Today I totally caved in and stuffed myself like nobody's business. I don't know what it was, whether it's because I've been working out hard and my body is telling me it needs more, or I just got greedy. I think its probably a bit of both. In particular I felt a craving for sweet things ... and I indulged.

Does anyone else get days when they have an irrespressible hunger? I honestly could continue eating throughout the evening as I am still hungry but will instead refrain from doing so.

Luckily, since my last post I have actually managed to shift 2.3 lbs in 8 days ... so progress is being made. I just hope todays little setback wont have put too much of a dent in my progress! :rolleyes:
 
Skipping a meal has always triggered this ferocious hunger you speak of. :)
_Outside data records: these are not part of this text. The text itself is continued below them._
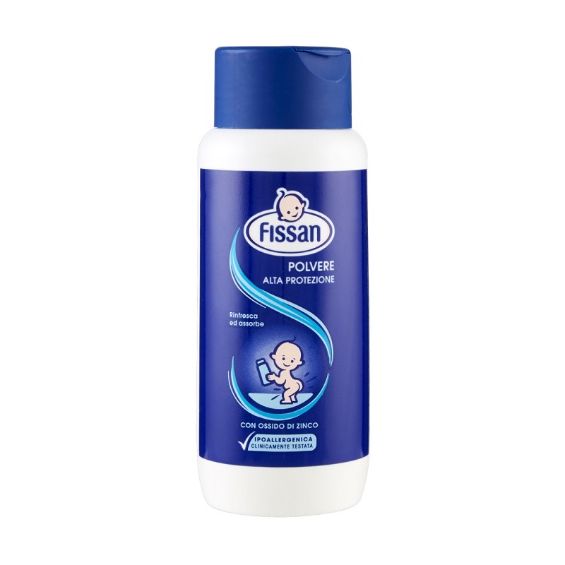 La polvere di fissan alta protezione arricchita con Ossido di Zinco è consigliata per proteggere e prevenire arrossamenti e irritazioni causati dallo sfregamento con il pannolino o da altri fattori esterni quale per esempio la sudorazione Grazie al Talco puro presente nella sua formula la Polvere di Fissan Alta Protezione favorisce una normale traspirazione ed esercita sulla pelle umida o sudata una delicata azione assorbente e rinfrescante lasciandola morbida e asciutta
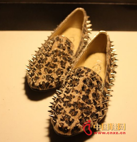 歐美風(fēng)朋克范鉚釘豹紋平跟鞋,潮流雜志都有在推薦的款,全鉚釘?shù)脑O(shè)計(jì)夠cool 夠帥氣,歐美風(fēng)的個(gè)性女生一定要購(gòu)入的一款,只要與普通的衣服搭配都很出彩。
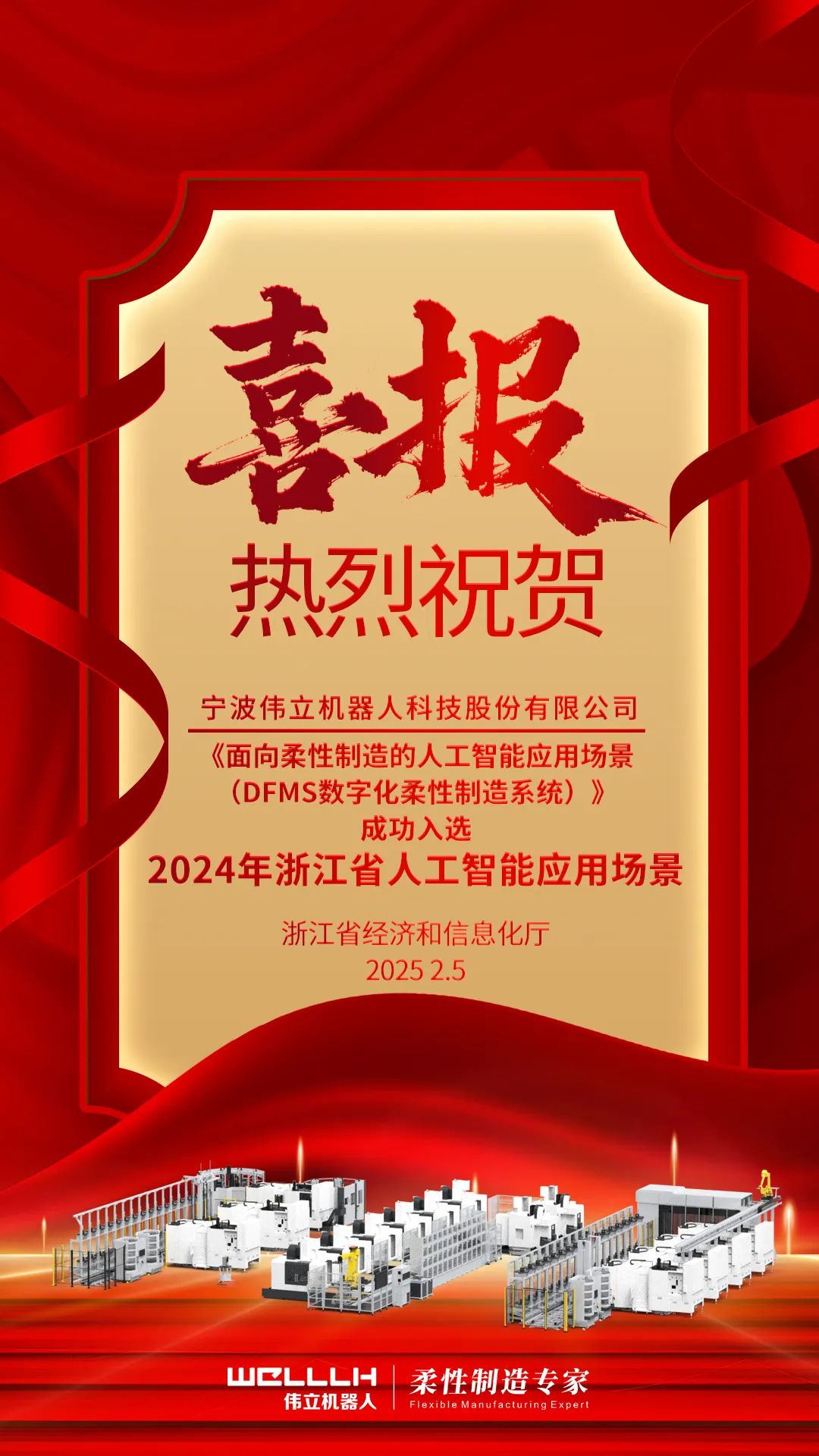 偉立機器人自主研發的《面向柔性制造的人工智能應用場景(DFMS數字化柔性制造系統)》憑借其技術創新與場景應用價值,成功入選2024年浙江省人工智能應用場景名單。
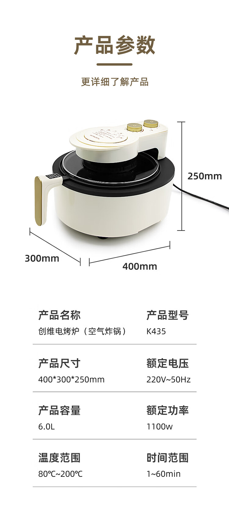创维6L空气炸锅K419 (可视款)
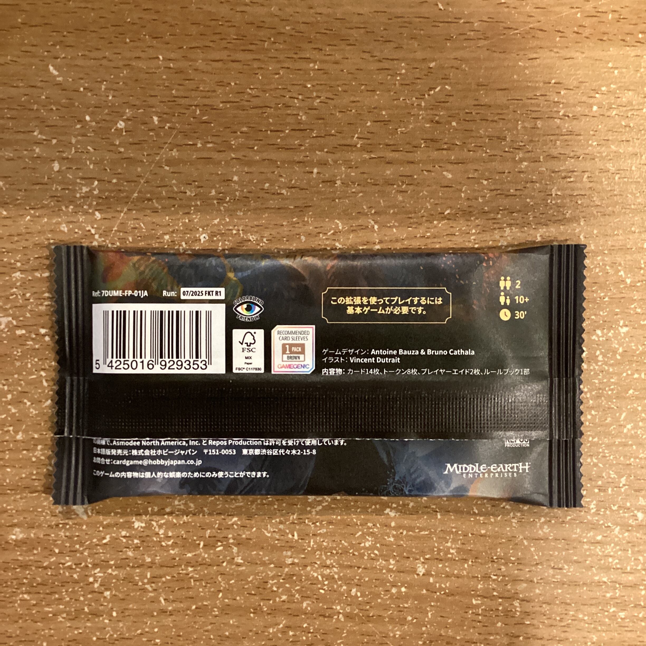 『指輪物語:デュエル 中つ国の決戦 協力者』は『指輪物語:デュエル 中つ国の決戦』に新たな要素である「協力者」を加える拡張セットです。「協力者」は「パワートークン」を支払うことでそれらの能力を使用できるもので、ゲーム開始前に指輪の仲間、サウロンともに各7枚中から3枚をランダムに受け取ります。
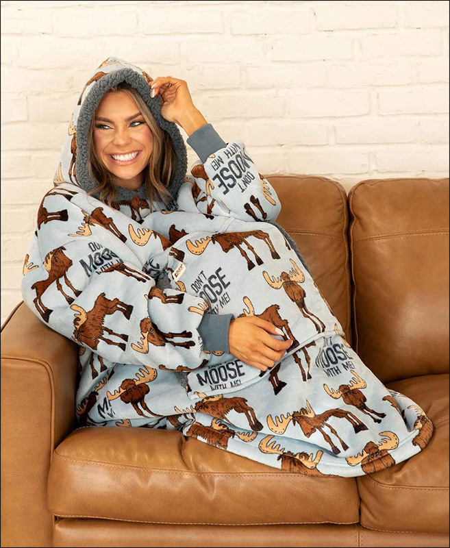 These Lazy one oversized blanket hoodies are meant to last. With a 100% super soft coral fleece inner fabric, this cozy sweatshirt will be your favorite piece in your closet. It also comes preshrunk and features a permanent, no-fade print. Lounge and relax all winter long without getting cold. Our hooded blanket with pockets keeps you warm and ready to snuggle at any moment! Keep toasty night and day with these comfy pajamas. Our extra-long hoodies have a cute, classic design that can be worn any time of the year without going out of style! 100% super soft coral fleece. Machine wash. Imported.
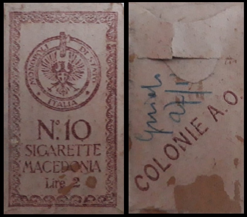 bustina da 10 sigarette per esportazione in A.O.I., 1936-40
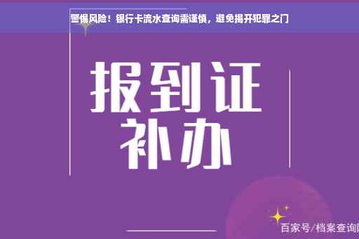 摘要:,,警惕风险!查询对象银行卡流水并非揭开犯罪之门的手段。在合法范围内查询他人银行卡流水是必要的,如涉及财务纠纷或家庭财产调查等。但需注意尊重他人隐私和合法权利,避免侵犯他人合法权益。查询应通过正规途径,如银行柜台或网上银行等,并遵守相关法律法规。切勿滥用查询结果,以免陷入不必要的法律风险。
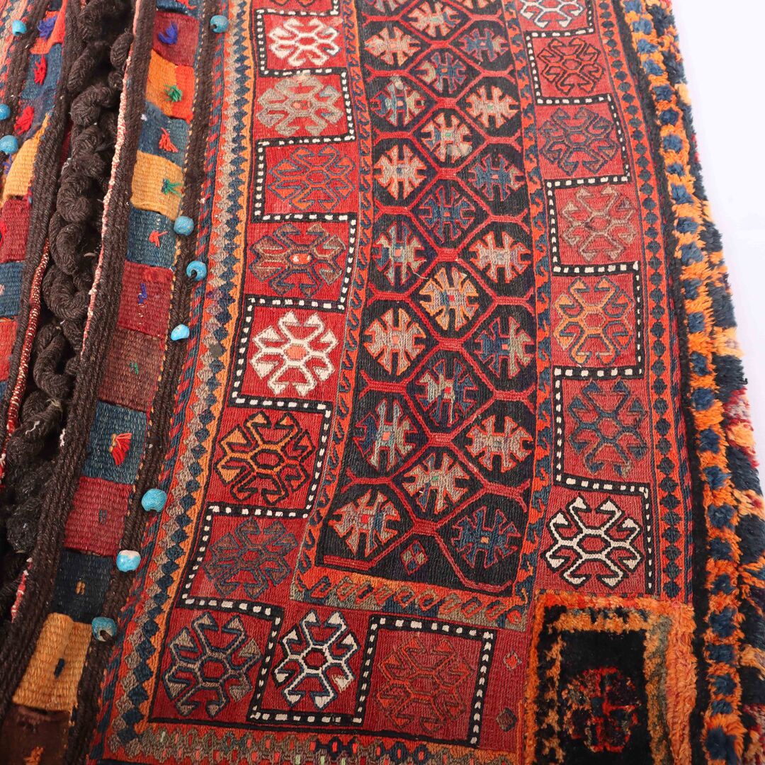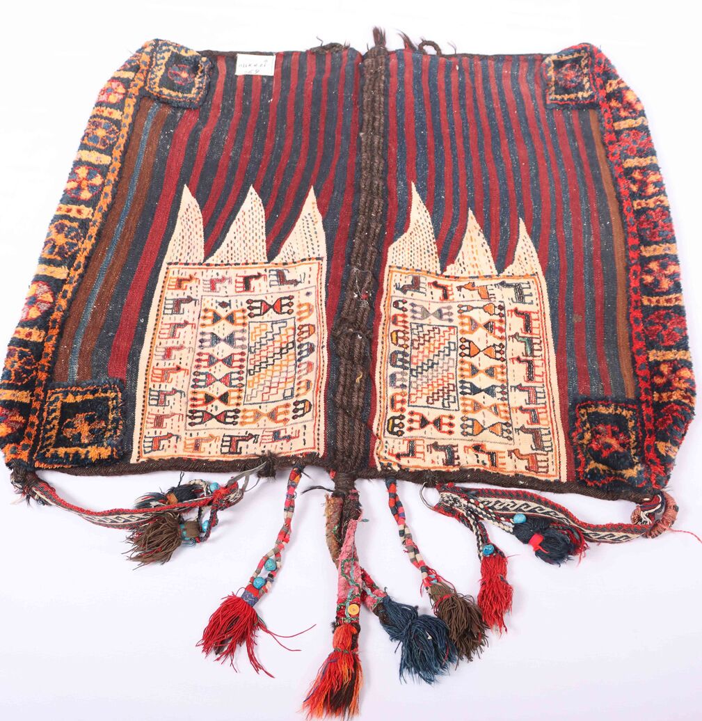 – Collectible Tribal: A unique and collectible Balouchi Saddle Rug with pure hand-spun wool pile on a cotton base.
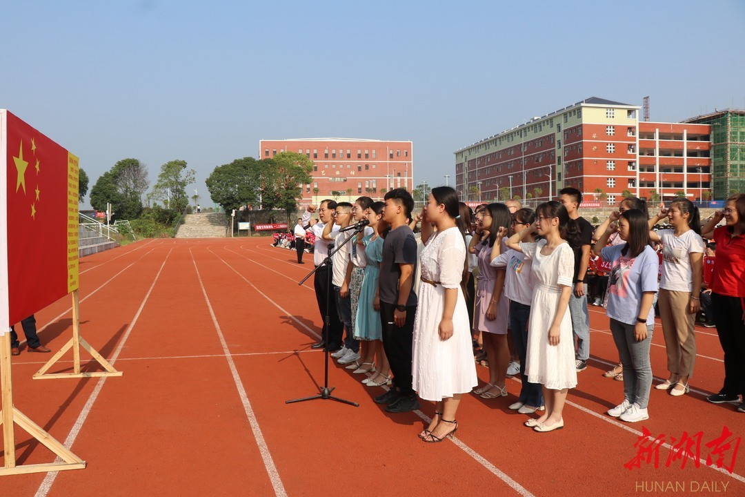 新湖南客户端9月10日讯(通讯员 申学峰 刘洁 黄明科)长空净碧,金风送爽,9月9日上午,隆回九中2021—2022学年度开学典礼暨第三十七个教师节表彰大会在南校区田径场举行。县教育局党委委员、副局长匡耀南,教学设备服务中心主任周同录和该校8100多名师生及部分学生家长参加了开学典礼。典礼由该校党总支书记范青友主持。
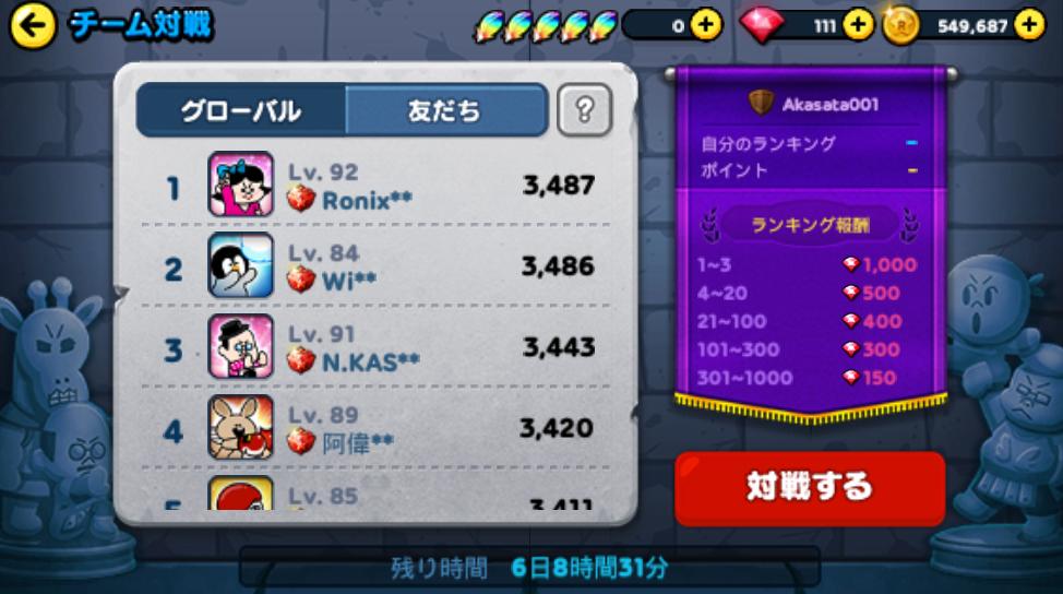月曜日の6時にチーム対戦がリセットされましたが
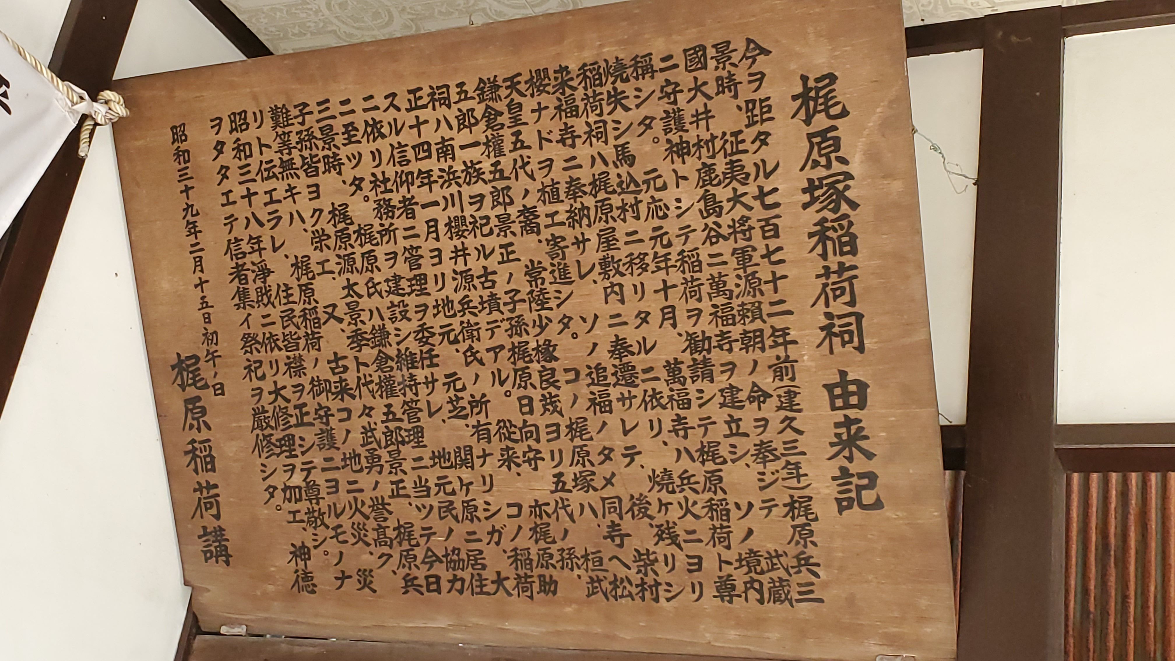 今ヲ距タル七百七十二年前(建久三年・ 1191年 )梶原兵三景時、征夷大将軍源頼朝ノ命ヲ奉ジテ、武蔵國大井村鹿島谷ニ萬福寺ヲ建立シ、ソノ境内ニ守護神トシテ稲荷ヲ勧請シテ梶原稲荷ト尊称シタ。
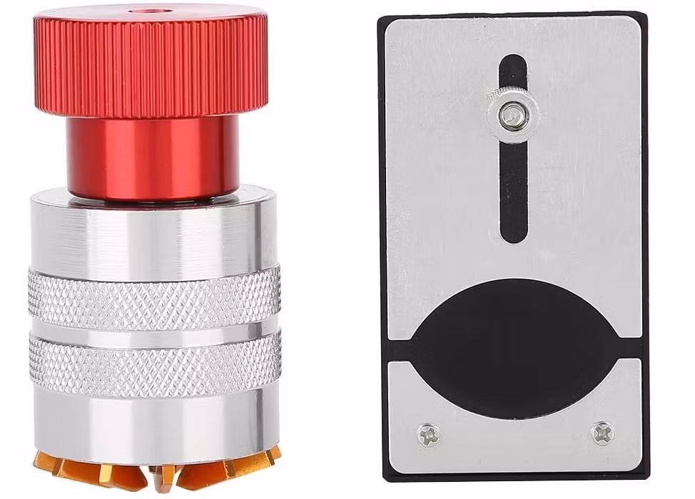 Du köper ett praktiskt verktyg för klockor som används som boettöppnare. Den kallas ibland för JAXA STYLE eller på engelska Claw Case Opener. Använd dig av skruven / snurrhjulet för att öppna klorna. Placera sedan verktyget över glaset och skruva sedan ihop klorna så att de greppar stadigt om glaset. Därefter drar du sedan upp och glaset avlägsnas från klockan. Notera att glaset skall vara tillverkad av akryl för att verktyget inte skall skada/förstöra glaset.
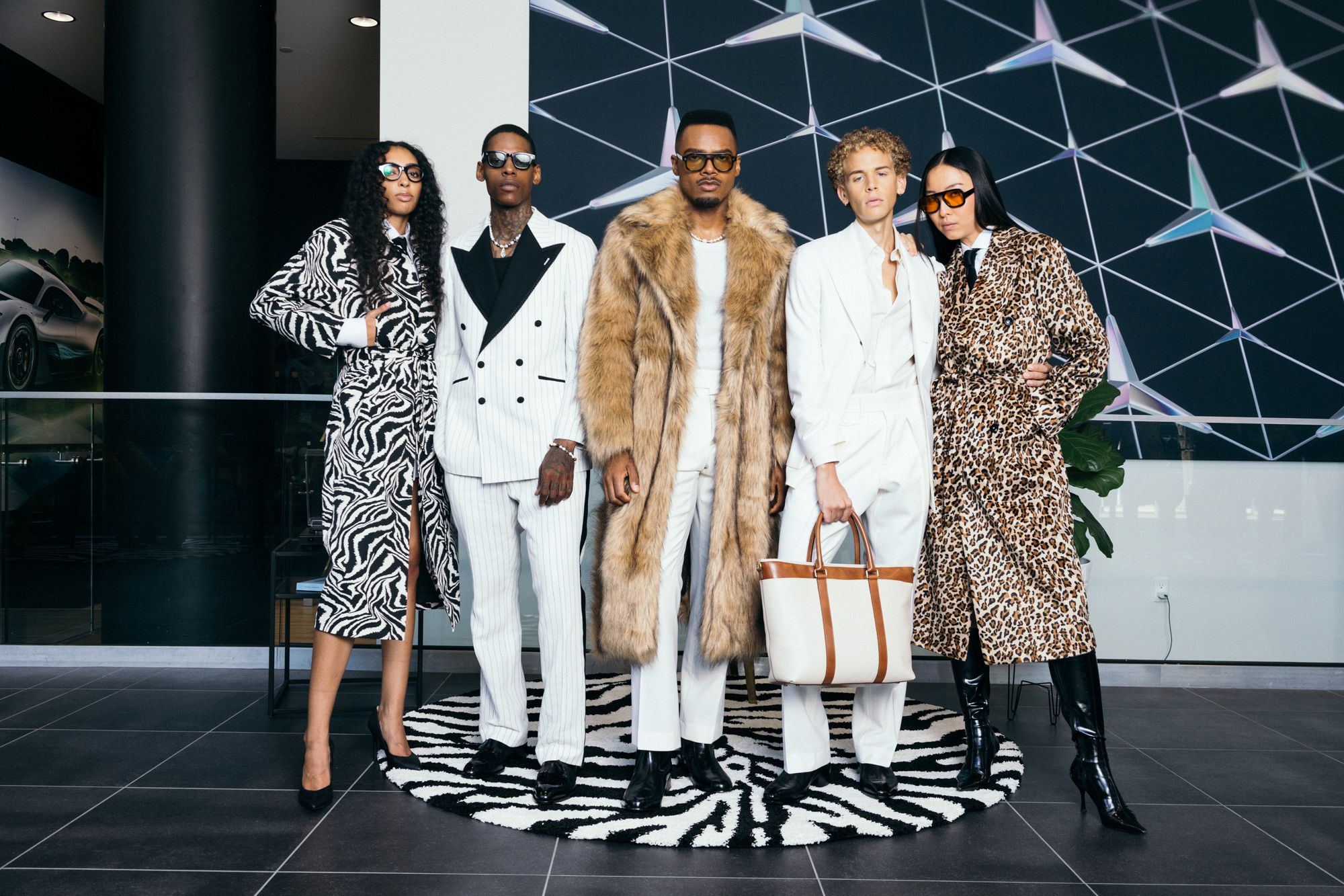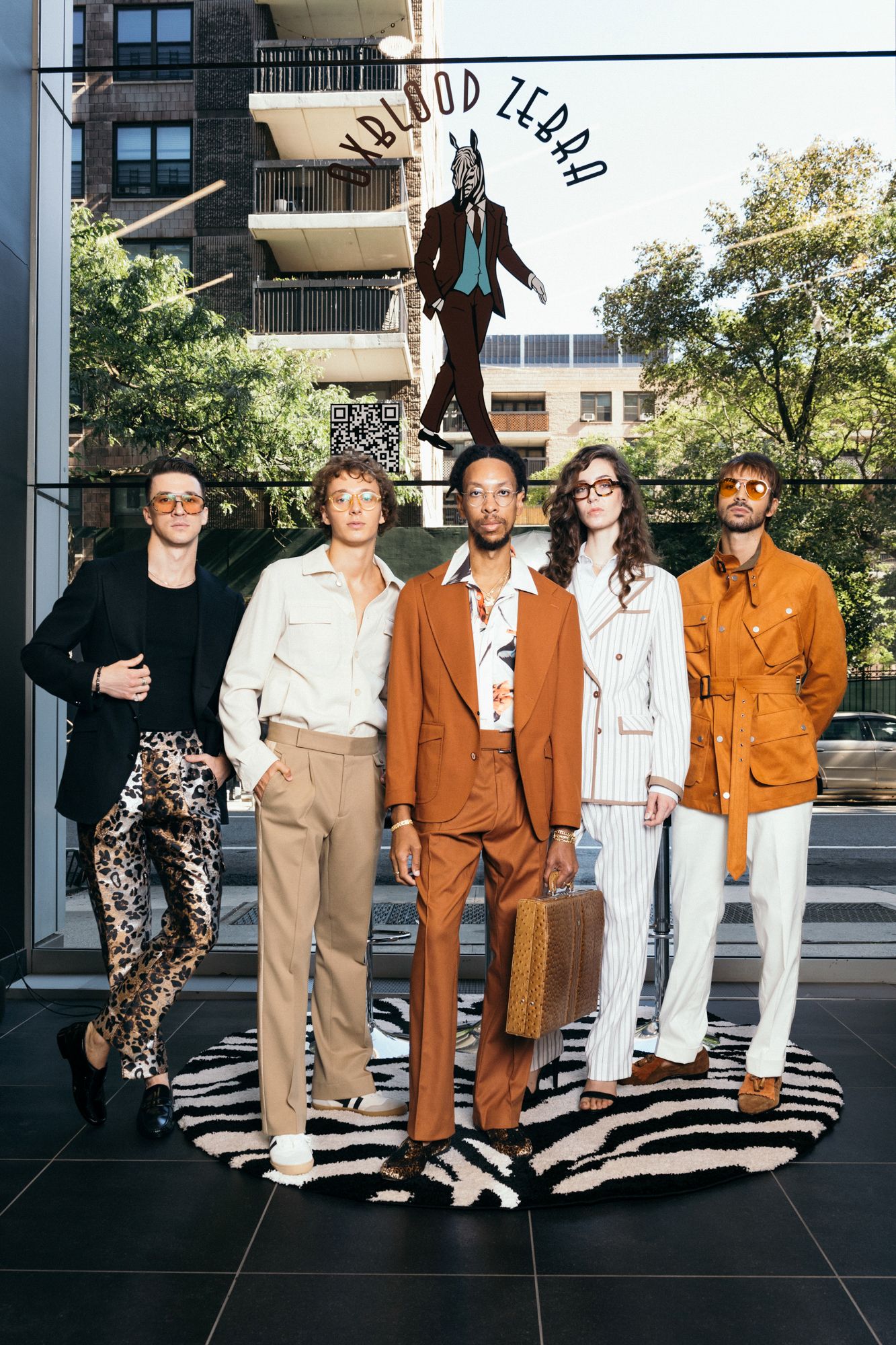 Models were sectioned off in groups of five, each with their own circular zebra print rug to pose on. The outfits were accompanied by classic work and on-the-go accessories like handbags and ball caps in dark muted colors, maintaining an effortless New Yorker edge. At its heart, The Oxblood Zebra is about rejecting monotony and refusing the standard work uniform and instead

Also, one hour after my 1:45hr sessions at the gym...I have a hard time controlling my hunger and appetite...I eat and eat and when I'm done eating a 1k cal meal, I am still hungry...and yet still lose weight :confused:

Other than that, my hunger is normal (for someone who works out 4-5 times per week).

It's ok to indulge once in a while...keeps the hungry monster away.

:p

Eric
 
I think I definitely made up for yesterday at this evening's gym session. I'm sure I burnt between 1300 - 1500 calories. As usual I started off with various lifting exercises followed by a 5k Row, 10k Run and a 5K Cycle. I was in there for over 3-hours! And yes, I am shattered ... This weekend I will do nothing but relax. I need it.

Tonight was definitely the hardest I have worked out in YEARS. I'm suprised my fitness levels have improved at the rate they have considering I have only been going to the gym for 7 weeks (although I started shifting weight about 4 weeks earlier theough improving my diet). Goes to show just how robust and adaptive the human body really can be.
 
Today I totally caved in and stuffed myself like nobody's business.

Does anyone else get days when they have an irrespressible hunger?

Absolutely....

After several days of calorie deficit and working-out....there comes a point when the body just says 'enough' and slams you with an irrepressible hunger....it just comes to terms with what's going on and is trying to get some calories in ya!

Do yourself a favor: listen to your body....but within reason. Now and then we all give-in to an indulgence, it's just part of life. It doesn't mean you failed or had a set-back either....it's all good, just pick up where you left off and keep moving on.